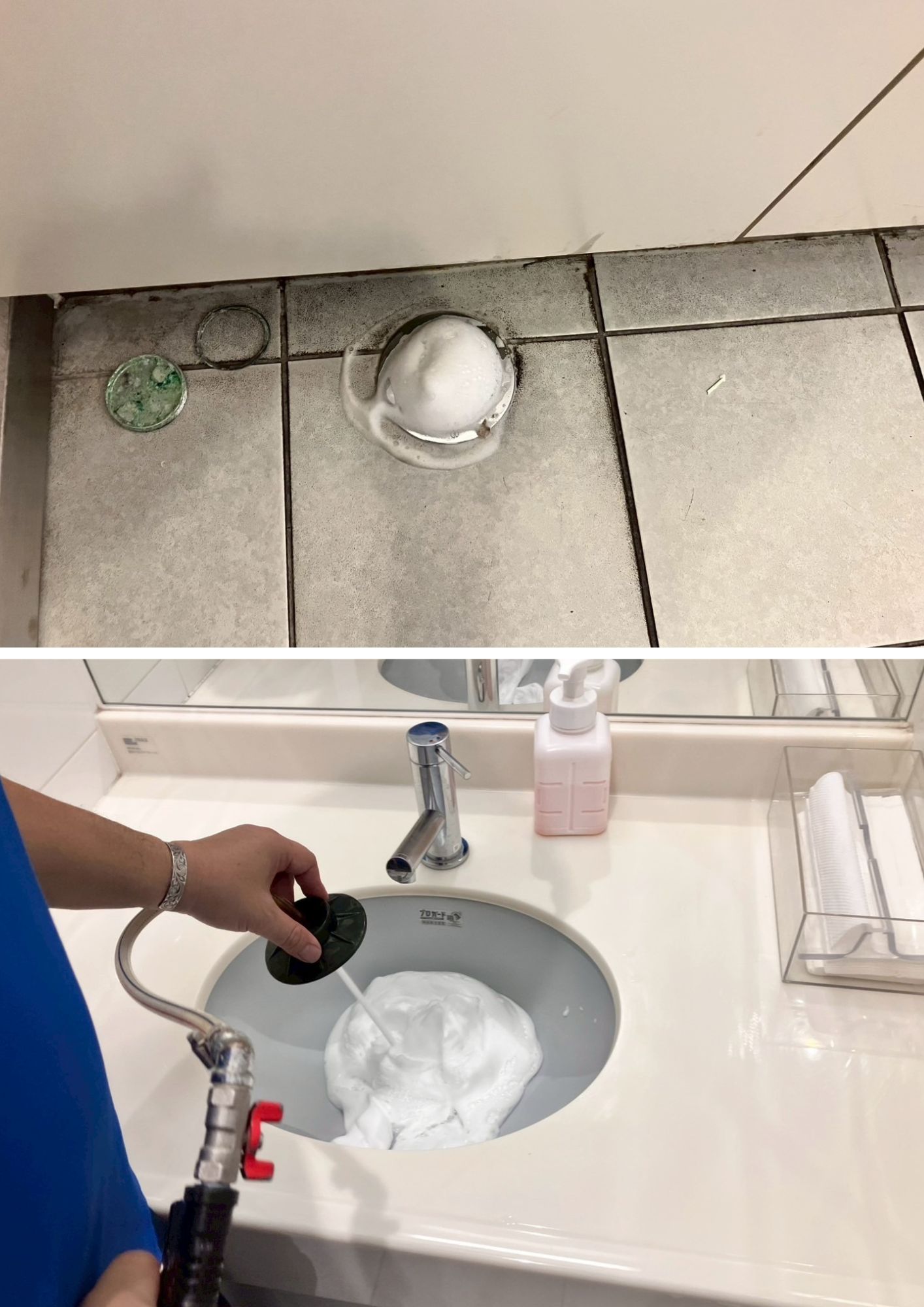 【汚水管】室内・室外『低圧ムース洗浄工法(陰毛)』【汚水管】室内・室外『クリームバスター工法(尿石溶解)』
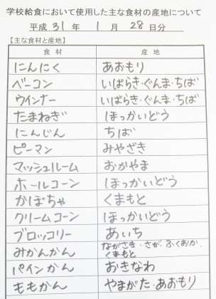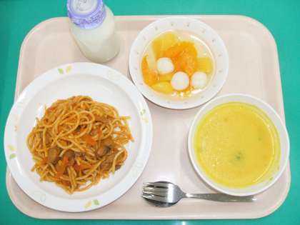 1月28日の給食 公開日 2019/01/29 更新日 2019/01/29 その他の教育活動 *スパゲティーナポリタン *かぼちゃのスープ *白玉入りフルーツポンチ *牛乳 今日は6年生のリクエスト給食です。
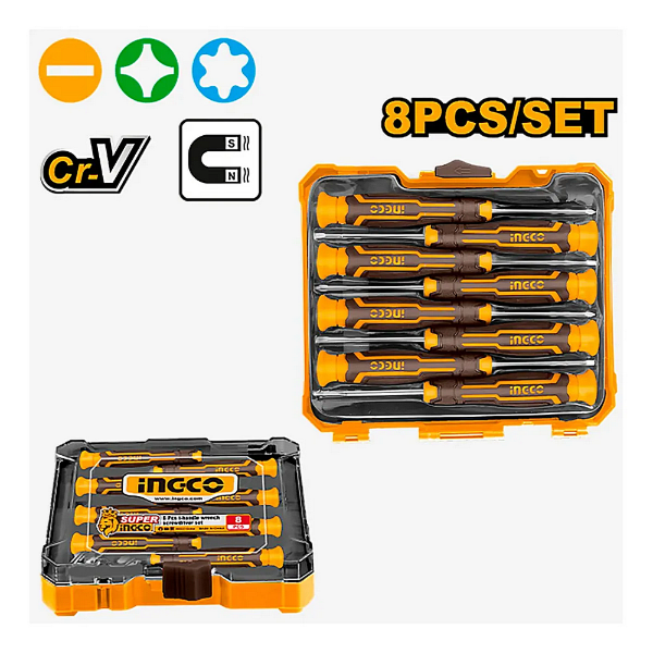 Caja de plástico Incluye: SL2.0x50, SL2.5x50, SL3.0x50 PH00x50, PH000x50, PH0x50, T6x50, T8x50 - Material: CR-V -Mango de agarre cómodo.

- EXERCISE DIRECTIONS
Everything in the data above should be set down again exactly, except the pictures.

- ANSWER TO THE EXERCISE
 【汚水管】室内・室外『低圧ムース洗浄工法(陰毛)』【汚水管】室内・室外『クリームバスター工法(尿石溶解)』
 1月28日の給食 公開日 2019/01/29 更新日 2019/01/29 その他の教育活動 *スパゲティーナポリタン *かぼちゃのスープ *白玉入りフルーツポンチ *牛乳 今日は6年生のリクエスト給食です。
 Caja de plástico Incluye: SL2.0x50, SL2.5x50, SL3.0x50 PH00x50, PH000x50, PH0x50, T6x50, T8x50 - Material: CR-V -Mango de agarre cómodo.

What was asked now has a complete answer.